WHAT IS EXPECTED: Two lines below mark the span: the one containing "- Optimal: Disdrometer" and the one containing "야외 활동을 한 기억이". Set down both, plus every line between, exactly as they stand, and nothing else.

RECORDS PROVIDED:
+++++

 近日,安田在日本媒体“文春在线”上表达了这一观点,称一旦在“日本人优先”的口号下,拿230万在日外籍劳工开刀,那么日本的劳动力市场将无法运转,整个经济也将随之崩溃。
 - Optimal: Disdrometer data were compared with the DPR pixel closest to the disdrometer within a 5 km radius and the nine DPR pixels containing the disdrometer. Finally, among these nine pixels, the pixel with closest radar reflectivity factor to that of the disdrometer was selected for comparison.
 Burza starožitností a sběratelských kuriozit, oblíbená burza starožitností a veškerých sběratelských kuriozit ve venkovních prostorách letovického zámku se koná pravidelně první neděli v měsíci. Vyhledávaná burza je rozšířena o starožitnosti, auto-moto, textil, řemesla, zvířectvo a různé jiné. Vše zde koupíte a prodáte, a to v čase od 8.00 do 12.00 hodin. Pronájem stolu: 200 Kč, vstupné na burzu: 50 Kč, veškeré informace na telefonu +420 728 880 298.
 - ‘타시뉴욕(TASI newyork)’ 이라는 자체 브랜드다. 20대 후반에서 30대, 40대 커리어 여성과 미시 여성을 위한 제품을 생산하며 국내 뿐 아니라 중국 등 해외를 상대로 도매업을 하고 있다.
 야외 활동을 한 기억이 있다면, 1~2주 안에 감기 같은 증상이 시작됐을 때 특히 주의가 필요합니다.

+++++

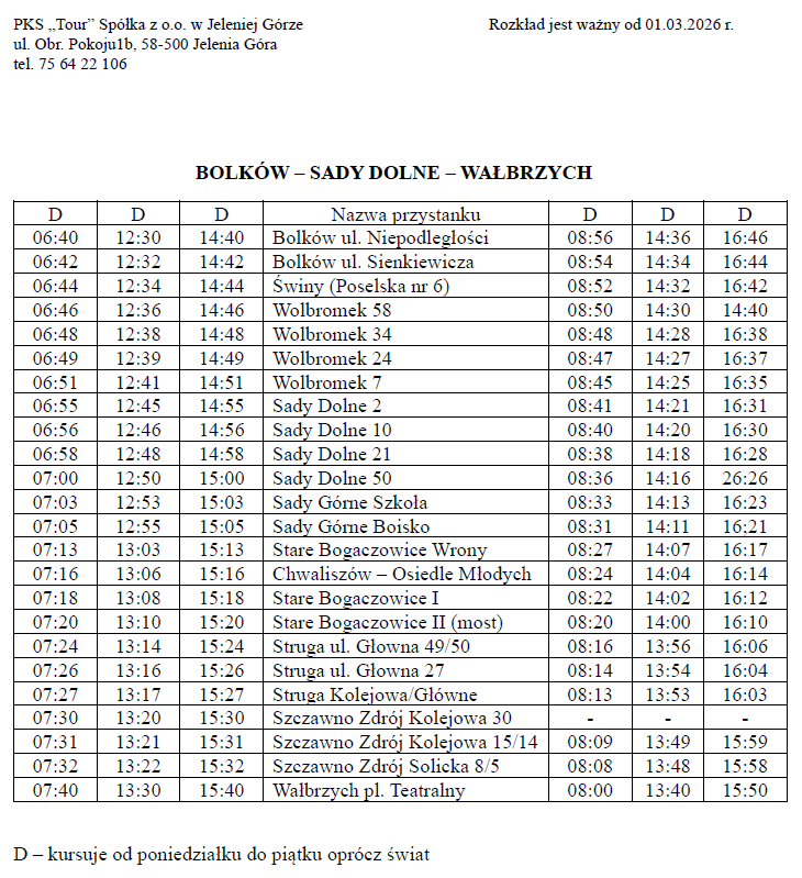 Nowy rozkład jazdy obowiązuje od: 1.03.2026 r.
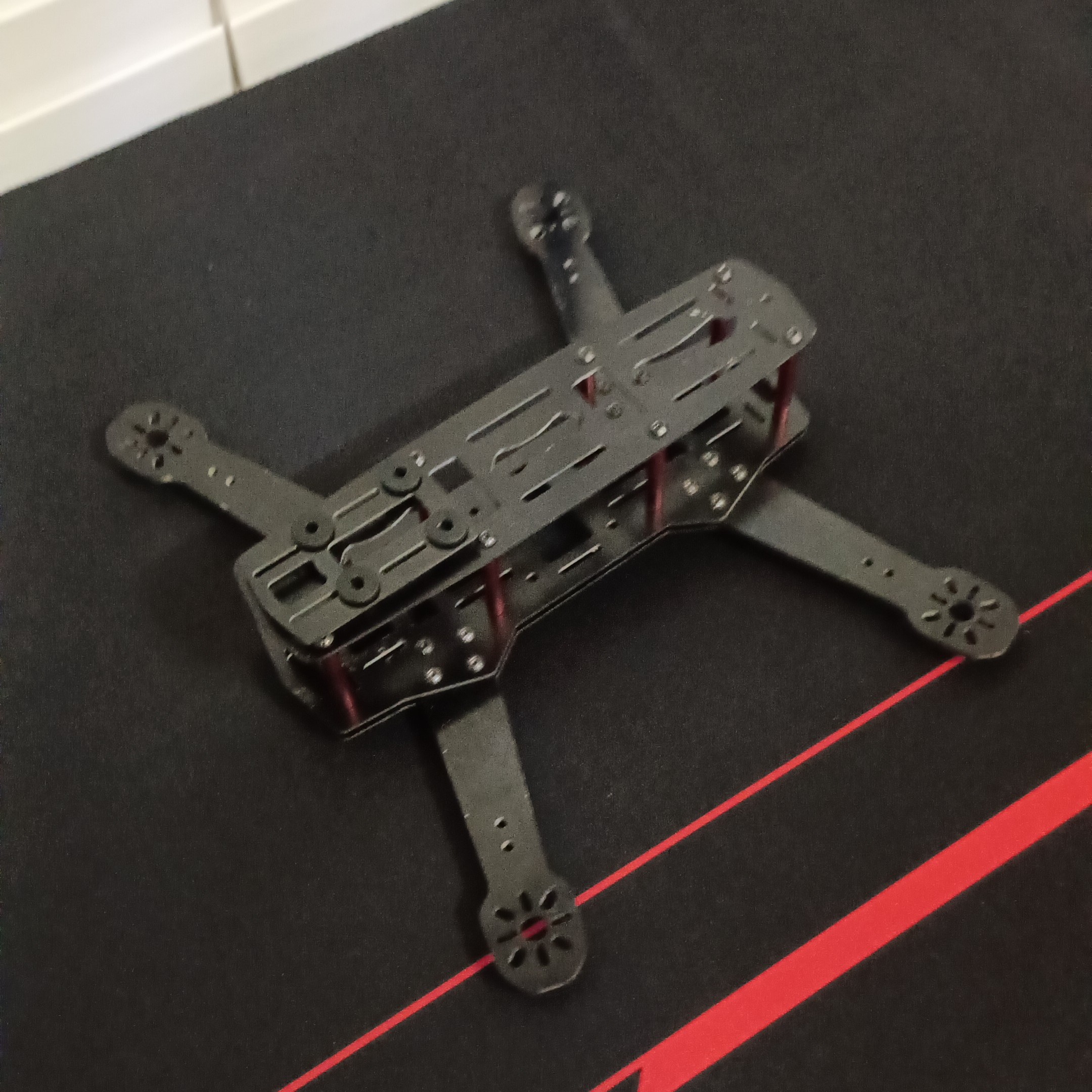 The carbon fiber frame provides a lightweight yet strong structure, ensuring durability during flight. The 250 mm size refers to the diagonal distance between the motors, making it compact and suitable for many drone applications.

+++++

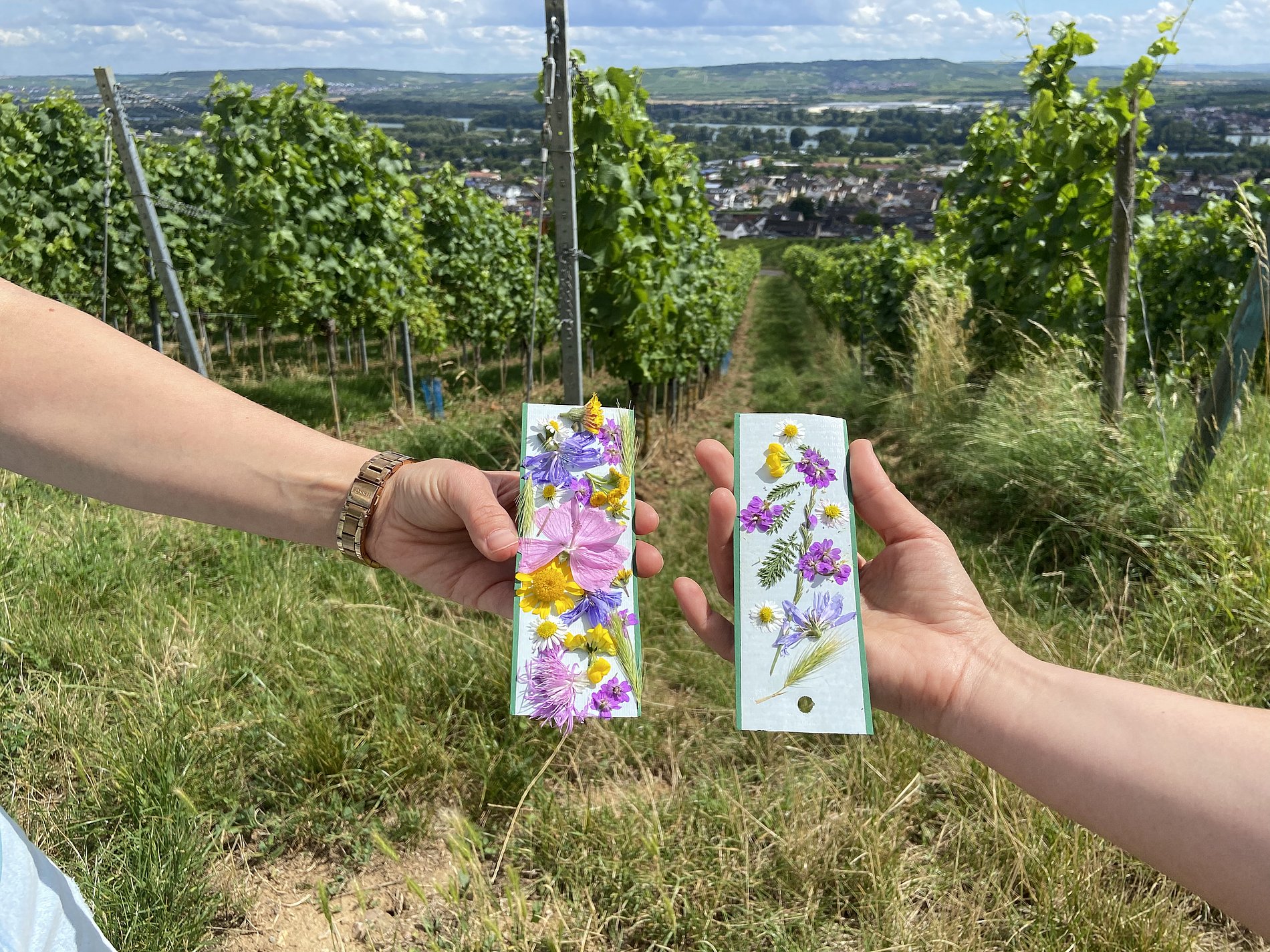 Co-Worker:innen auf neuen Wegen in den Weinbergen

+++++

TASK OUTPUT:
 - Optimal: Disdrometer data were compared with the DPR pixel closest to the disdrometer within a 5 km radius and the nine DPR pixels containing the disdrometer. Finally, among these nine pixels, the pixel with closest radar reflectivity factor to that of the disdrometer was selected for comparison.
 Burza starožitností a sběratelských kuriozit, oblíbená burza starožitností a veškerých sběratelských kuriozit ve venkovních prostorách letovického zámku se koná pravidelně první neděli v měsíci. Vyhledávaná burza je rozšířena o starožitnosti, auto-moto, textil, řemesla, zvířectvo a různé jiné. Vše zde koupíte a prodáte, a to v čase od 8.00 do 12.00 hodin. Pronájem stolu: 200 Kč, vstupné na burzu: 50 Kč, veškeré informace na telefonu +420 728 880 298.
 - ‘타시뉴욕(TASI newyork)’ 이라는 자체 브랜드다. 20대 후반에서 30대, 40대 커리어 여성과 미시 여성을 위한 제품을 생산하며 국내 뿐 아니라 중국 등 해외를 상대로 도매업을 하고 있다.
 야외 활동을 한 기억이 있다면, 1~2주 안에 감기 같은 증상이 시작됐을 때 특히 주의가 필요합니다.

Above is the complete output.